Детальная информация

Данная работа посвящена исследованию флуоресценции FAD в свободной и связанной с ферментом липоамид дегидрогеназа (LipDH), при одно- и двухфотонном возбуждении фемтосекундными лазерными импульсами в диапазоне длин волн 360–450 нм и 720–890 нм. Целью этой работы является установление особенностей процессов релаксации свободного FAD и связанного с ферментом LipDH. Исследования проводились методом время-разрешенной поляризационной лазерной спектроскопии, в рамках которого регистрировались сигналы затухания двух ортогональных поляризованных компонент с время-корреляционной системы счета фотонов. Было обнаружено, что FAD, связанный с ферментом LipDH характеризуется двумя временами затухания флуоресценции: τ1 = 0.27 нс (a1 = 0.17) и τ2 = 4.34 нс (a2 = 0.83), где в скобках указаны весовые коэффициенты. При этом свободный FAD характеризуется четырьмя временами затухания флуоресценции: τ1 = 20 пс (a1 = 0.38), τ2 ∼ 220 пс (a2 = 0.13), τ3 = 2.3–2.6 нс (a3= 0.34) и τ4 = 3.7–4.8 нс (a4 = 0.15), где в скобках указаны весовые коэффициенты. Было установлено, что времена τ1 и τ2 обусловлены процессами релаксации двух различных сложенных конформаций FAD, а время τ4 обусловлено флуоресценцией развернутой конформации FAD. Две сложенные конформации различаются положением аденина над изоаллоксазиновым кольцом. Экспериментально полученное изменение весовых коэффициентов FAD в водно-спиртовых растворах подтверждает модель распределения конформаций, посчитанную методом молекулярной динамики. Также были проведены исследования анизотропии флуоресценции свободного FAD от длины волны возбуждения при одно- и двухфотонном возбуждении. Для FAD, связанного с LipDH, зарегистрировано субнаносекундное время затухания анизотропии флуоресценции τrb = 130 пс. Оно обусловлено анизотропной колебательной релаксацией в возбужденном состоянии коферментов, которая сопровождалась оворотом дипольного момента перехода за счет перестройки конфигурации ядер в молекуле FAD. Полученные результаты имеют большую научную значимость, так как они могут быть использованы для описания результатов исследований окислительно-восстановительных реакции в клетках живых организмов флуоресцентными методами, а также для разработки неинвазивных методов диагностики социально-значимых заболеваний на ранних стадиях.

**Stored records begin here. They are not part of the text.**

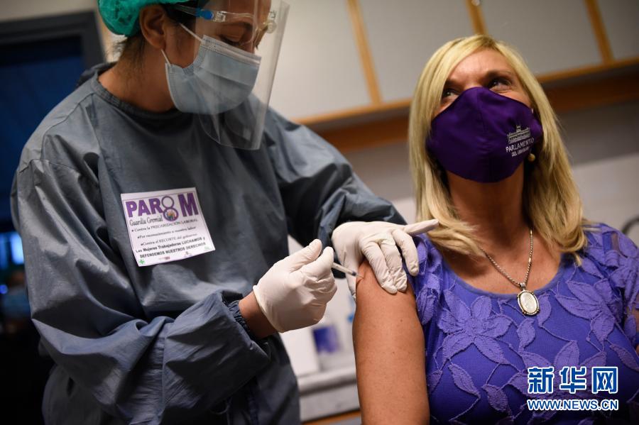 3月8日,乌拉圭副总统阿希蒙(右)在蒙得维的亚接种中国科兴新冠疫苗。乌拉圭副总统阿希蒙和公共卫生部长丹尼尔·萨利纳斯8日在首都蒙得维的亚的一所医院接种了中国科兴公司研制的新冠疫苗。新华社发(尼古拉斯·塞拉亚摄)
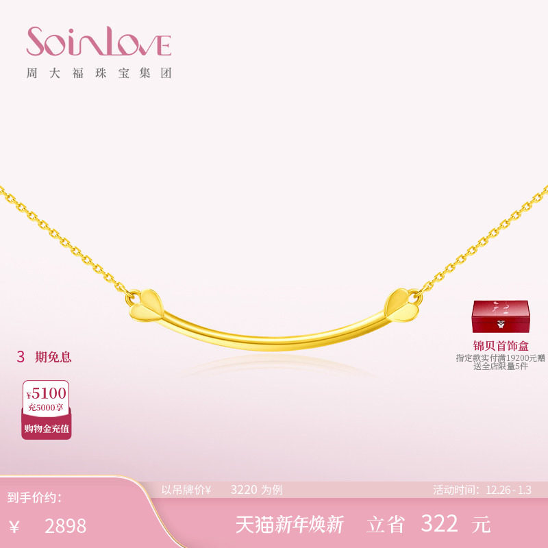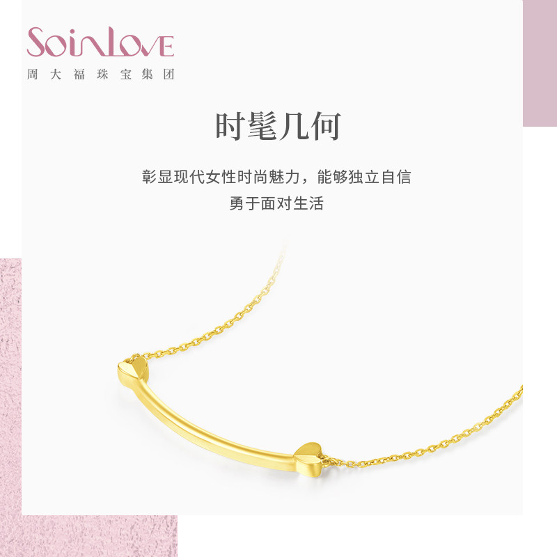 周大福SOINLOVE「极简」折纸爱心项链18K金项链女VE176生日礼物
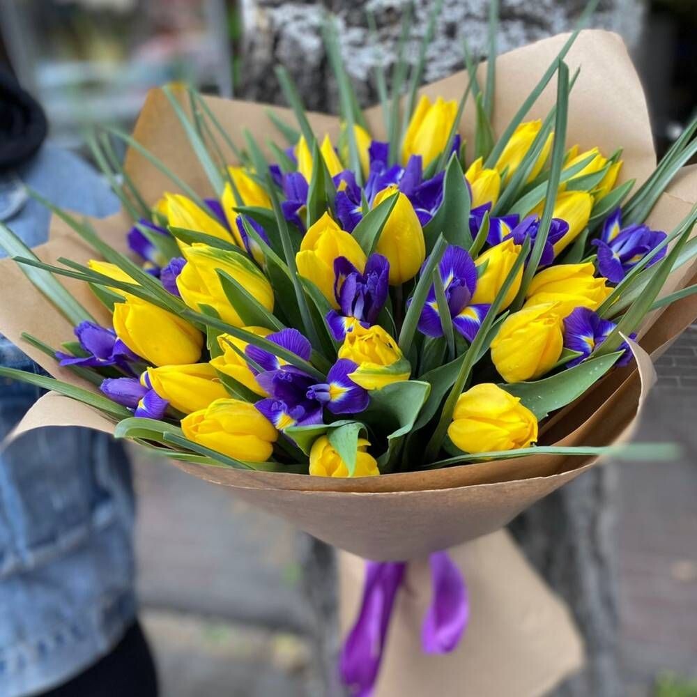 Ирисы - 17 шт. Тюльпаны - 20 шт. Упаковка Лента
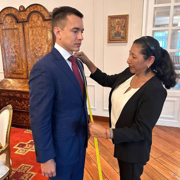 Tras el encuentro con Lasso, Noboa fue recibido por Rosa Muñoz, la costurera del Palacio de Carondelet, quien le tomó las medidas para iniciar la confección de la banda presidencial.
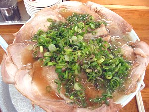 覚悟していたとはいえ、さすがのチャーシューの量。そこへ大量のネギとモヤシ、
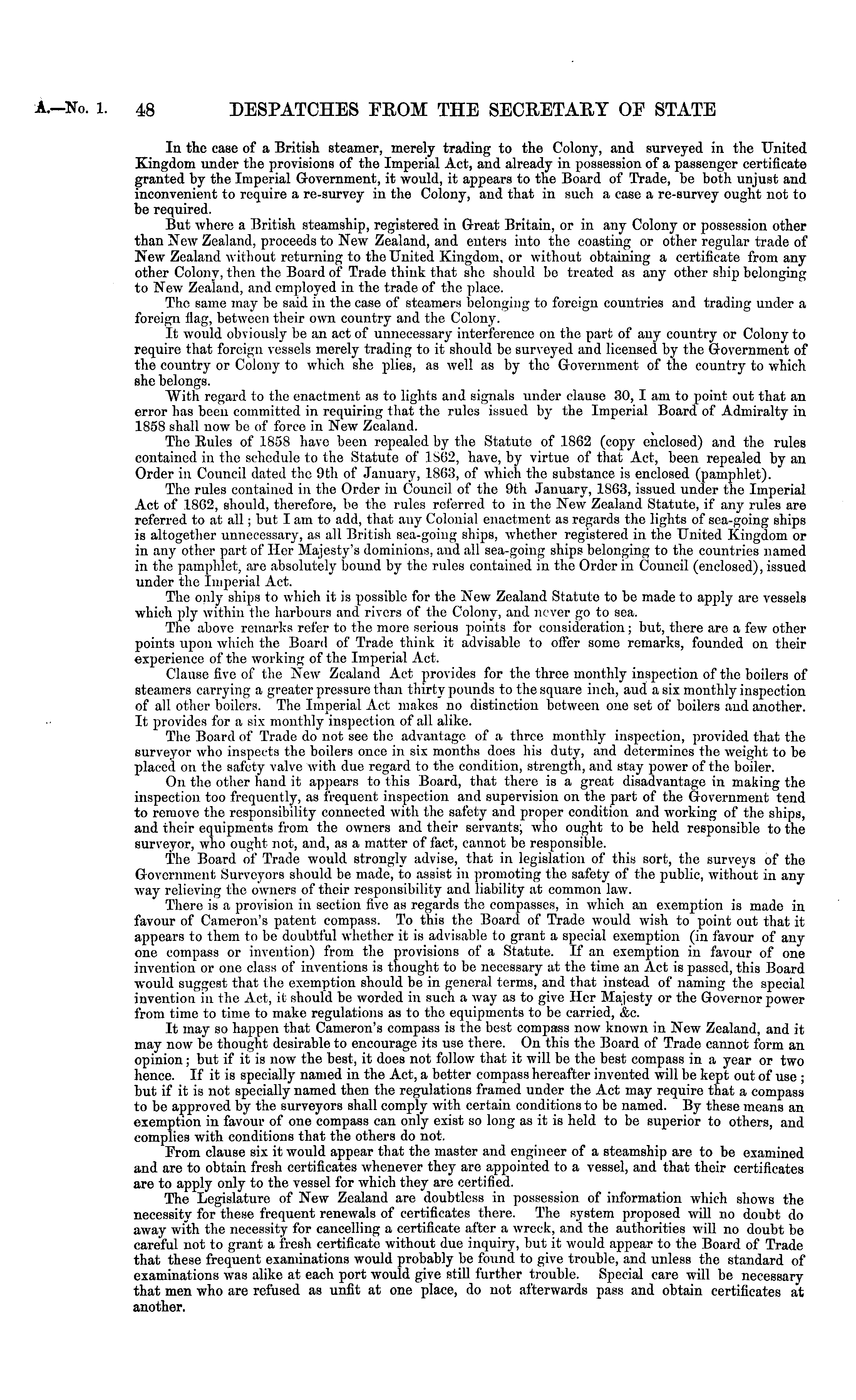 In the case of a British steamer, merely trading to tho Colony, and surveyed in the United Kingdom under the provisions of the Imperial Act, and already in possession of a passenger certificate granted by the Imperial Government, it would, it appears to the Board of Trade, be both unjust and inconvenient to require a re-survey in the Colony, aud that in such a case a re-survey ought not to be required. But where a British steamship, registered in Great Britain, or in any Colony or possession other than New Zealand, proceeds to New Zealand, and enters into the coasting or other regular trade of New Zealand without returning to the United Kingdom, or without obtaining a certificate from any other Colonv, then the Board of Trade think that she should bo treated as any other ship belonging to New Zealand, and employed in the trade of the place. The same may be said in the case of steamers belonging to foreign countries and trading under a foreign flag, between their own country and the Colony. It would obviously be an act of unnecessary interference on the part of any country or Colony to require that foreign vessels merely trading to it should be surveyed and licensed by the Government of the country or Colony to which she plies, as well as by the Government of the country to which she belongs. With regard to the enactment as to lights and signals under clause 30, I am to point out that an error has been committed in requiring that the rules issued by the Imperial Board of Admiralty in 1858 shall now be of force in New Zealand. Tho Eules of 1858 have been repealed by the Statute of 1862 (copy enclosed) and the rules contained in the schedule to the Statute of 1862, have, by virtue of that Act, been rej:ealed by an Order in Council dated the 9th of January, 1863, of which the substance is enclosed (pamphlet). The rules contained in the Order in Council of the 9th January, 1863, issued under the Imperial Act of 18G2, should, therefore, be the rules referred to in the New Zealand Statute, if any rules are referred to at all; but lam to add, that any Colonial enactment as regards the lights of sea-going ships is altogether unnecessary, as all British sea-going ships, whether registered in the United Kingdom or in any other part of Her Majesty's dominions, aud all sea-going ships belonging to the countries named in the pamphlet, are absolutely bound by the rules contained in the Order in Council (enclosed), issued under the Imperial Act. The only ships to which it is possible for the New Zealand Statute to be made to apply are vessels which ply within the harbours and rivers of the Colony, and never go to sea. The above remarks refer to the more serious points for consideration; but, there are a few other points upon which the Board of Trade think it advisable to offer some remarks, founded on their experience of the working of the Imperial Act. Clause five of the New Zealand Act provides for the three monthly inspection ofthe boilers of steamers carrying a greater pressure than thirty pounds to the square inch, aud a six monthly inspection of all other boilers. The Imperial Act makes no distinction between one set of boilers and another. It provides for a six monthly inspection of all alike. The Board of Trade do not see the advantage of a three monthly inspection, provided that the surveyor who inspects the boilers once in six months does his duty, and determines the weight to be placed on the safety valve with due regard to the condition, strength, and stay power of tho boiler. On the other hand it appears to this Board, that there is a great disadvantage in making the inspection too frequently, as frequent inspection and supervision on the part of the Government tend to remove the responsibility connected with the safety and proper condition and working of the ships, and their equipments from the owners and their servants; who ought to be held responsible to the surveyor, who ought not, and, as a matter of fact, cannot bo responsible. The Board of Trade would strongly advise, that in legislation of this sort, the surveys of tho Government Surveyors should be made, to assist in promoting the safety of the public, without in any way relieving the owners of their responsibility and liability at common law. There is a provision in section five as regards the compasses, in which an exemption is made in favour of Cameron's patent compass. To this the Board of Trade would wish to point out that it appears to them to be doubtful whether it is advisable to grant a special exemption (in favour of any one compass or invention) from the provisions of a Statute. If an exemption in favour of one invention or one class of inventions is thought to be necessary at the time an Act is passed, this Board would suggest that ihe exemption should be in general terms, and that instead of naming the special invention in the Act, it should be worded in such a way as to give Her Majesty or the Governor power from time to time to make regulations as to tho equipments to be carried, &c. It may so happen that Cameron's compass is the best compass now known in New Zealand, and it may now be thought desirable to encourage its use there. On this the Board of Trade cannot form an opinion ; but if it is now the best, it does not follow that it will be the best compass in a year or two hence. If it is specially named in the Act, a better compass hereafter invented will be kept out of use ; but if it is not specially named then the regulations framed under the Act may require that a compass to be approved by the surveyors shall comply with certain conditions to be named. By these means an exemption in favour of one compass can only exist so long as it is held to be superior to others, and complies with conditions that the others do not. From clause six it would appear that the master and engineer of a steamship are to be examined and are to obtain fresh certificates whenever they are appointed to a vessel, and that their certif
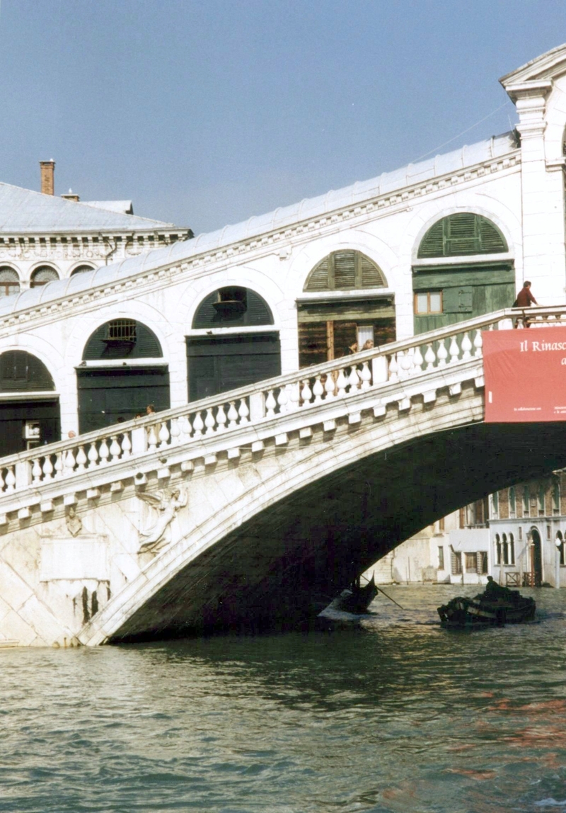 The view downstream from below the bridge from below the Ponte Rialto (Rialto Bridge)
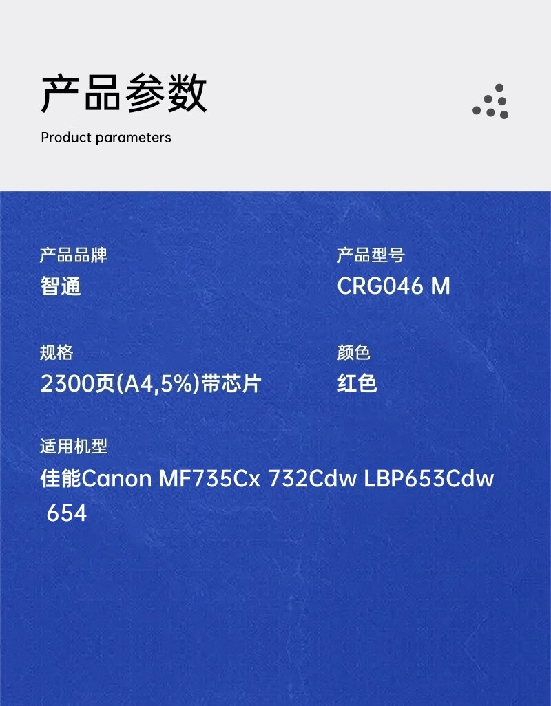智通(ZT) CRG046 M 带芯片 2300页 适用佳能Canon MF735Cx 732Cdw LBP653Cdw 654 硒鼓 1.00 只/个 (计价单位:个) 红色
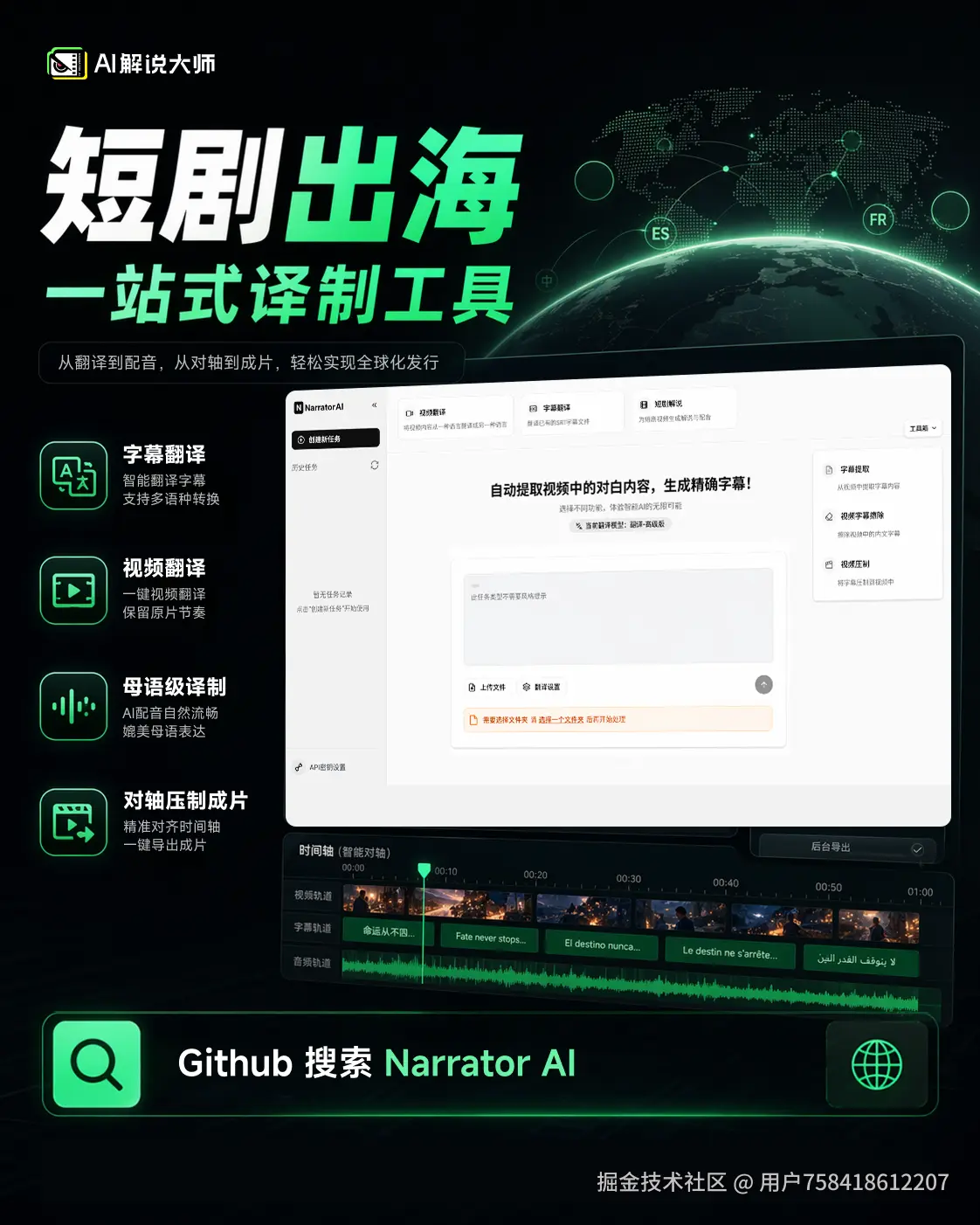 #短剧出海#短剧翻译#译制剧#内容本土化#翻译#短剧全球化#AI翻译#多语种翻译#AI配音#开源工具推荐
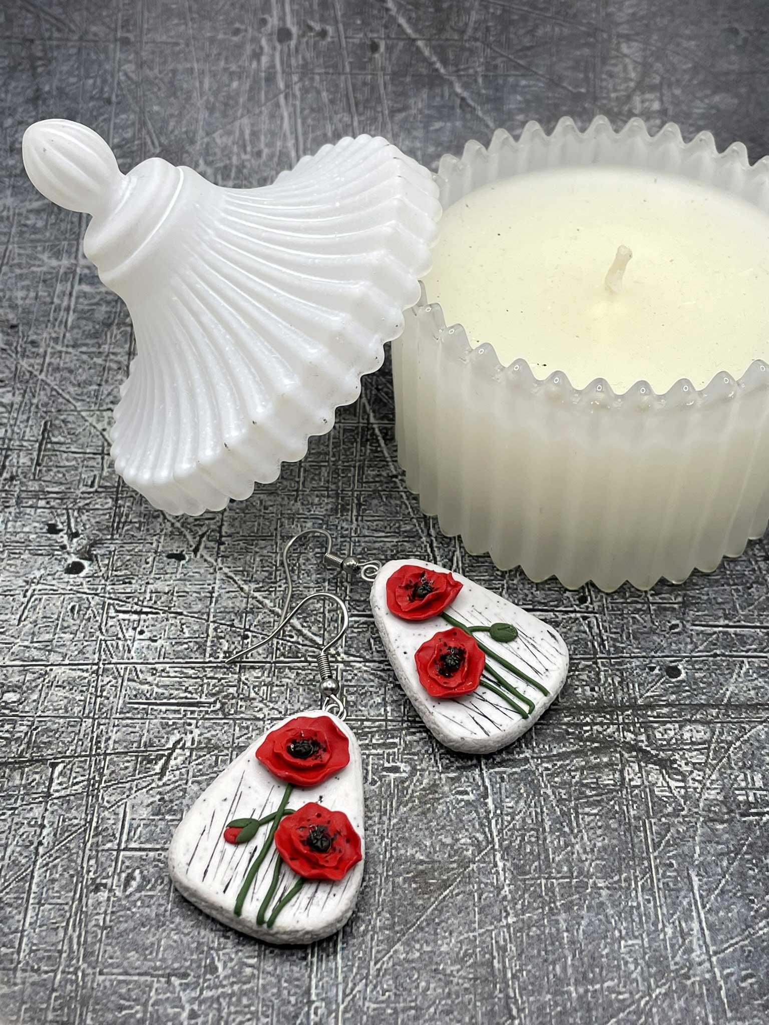 Elegantní náušnice z polymerové hmoty. Květy máku jsou vymodelovány tak, že vystupují z podkladu. Komponenty jsou z chirurgické oceli.
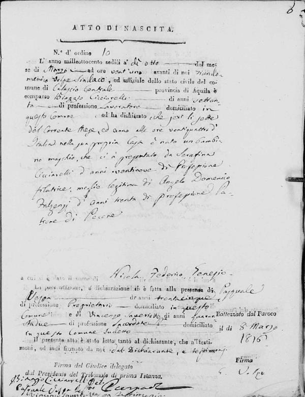 Nicola Taranta was born in 1770 in Calascio, L'Aquila, Abruzzo, Italy. He and
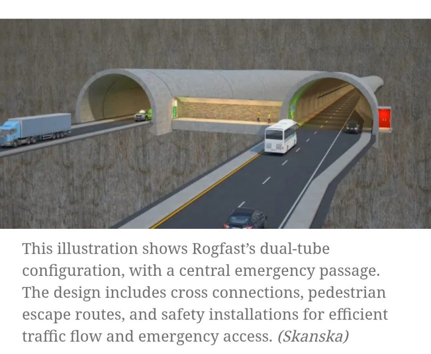 Ventilation will combine longitudinal jet-fan systems with dedicated shafts to the island of Kvitsøy, where a novel underwater double roundabout — 260 metres beneath the surface — will provide access to Norway’s smallest municipality.
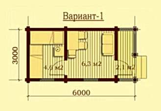 Pin Up бани площадью 18 кв.м и размерами 3 х 6 м. По вашему желанию мы можем внести любые изменения в проект бани.
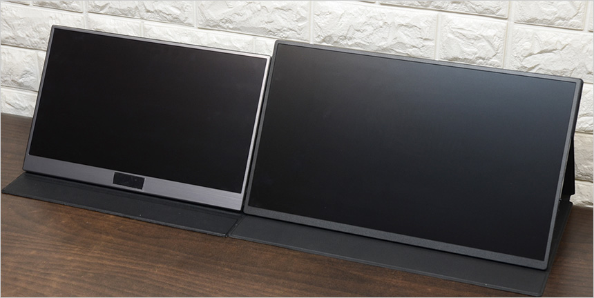 15.6형 포터블 모니터와 크기를 비교한 모습으로 차이가 확연한 것을 확인할 수 있다. 작고 답답한 기존의 포터블 모니터의 크기가 아쉬웠다면 좋은 대안이 될 것이다.
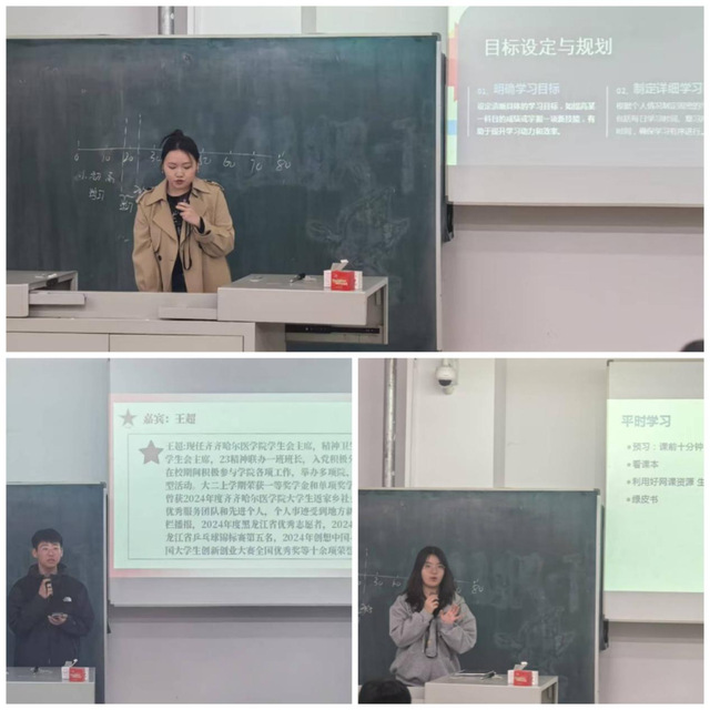 三位同学分别从不同的角度介绍了个人的学习心得,王超同学聚焦专业知识建构,建议同学们以课程大纲为纲搭建知识网络,通过周期性复盘串联碎片化内容;何舒涵同学围绕时间管理,向大家演示了依据课表量化任务,制定可视化日程表并按难度梯度分配学习时长的方式方法;戢思琪同学则分享了笔记管理与记忆技巧,详细向同学们讲解了自己在运用康奈尔笔记法和记忆宫殿原理过程中的心得体会。在互动交流环节,三位同学以具体案例详细解答了现场同学提出的问题。

This work focuses on the study of flavin adenine dinucleotide (FAD) fluorescence in free and protein-bound lipoamide dehydrogenase (LipDH), under single- and two-photon excitation using femtosecond laser pulses in the wavelength range 360–450 nm and 720–890 nm, respectively. The aim of the research is to investigate the characteristics of relaxation processes associated with LipDH and free FAD, using the method of high-resolution polarization laser spectroscopy. Two orthogonal fluorescence components are recorded using a photon-counting system with time-correlated measurements. It was found that LipDH-bound FAD exhibits two characteristic fluorescence decay times, τ1 = 0.27 ns (a1 = 0.17) and τ2 = 4.34 ns (a2 = 0.83). Free FAD, on the other hand, exhibits four decay times: τ1 = 20 ps (a1 =0.38), τ2 ∼ 220 ps (a2 = 0.13), τ3 = 2.3–2.6 ns (a3 = 0.34) and τ4 = 3.7– 4.8 ns (a4 = 0.15). It has been determined that the times τ1 and τ2 are associated with the relaxation processes of two distinct folded FAD conformations, while the time τ4 is related to the fluorescence from the unfolded FAD structure. The two folded conformations differ in terms of the position of the adenine relative to the isoalloxazine ring. The experimentally determined change in the FAD weighting coefficients in aqueous alcoholic solutions confirms the conformational distribution model predicted by the molecular dynamics simulation. Additionally, the anisotropy of fluorescence from free FAD excited at different wavelengths has been studied using single- and two-photon excitation. For FAD bound to LipDH, a fluorescence anisotropy decay time of τrb = 130 ps. These results are of significant scientific importance, as they can be utilized to describe the outcomes of redox reaction studies in living cells using fluorescent techniques, as well as for the development of non-invasive techniques for early diagnosis of socially significant diseases.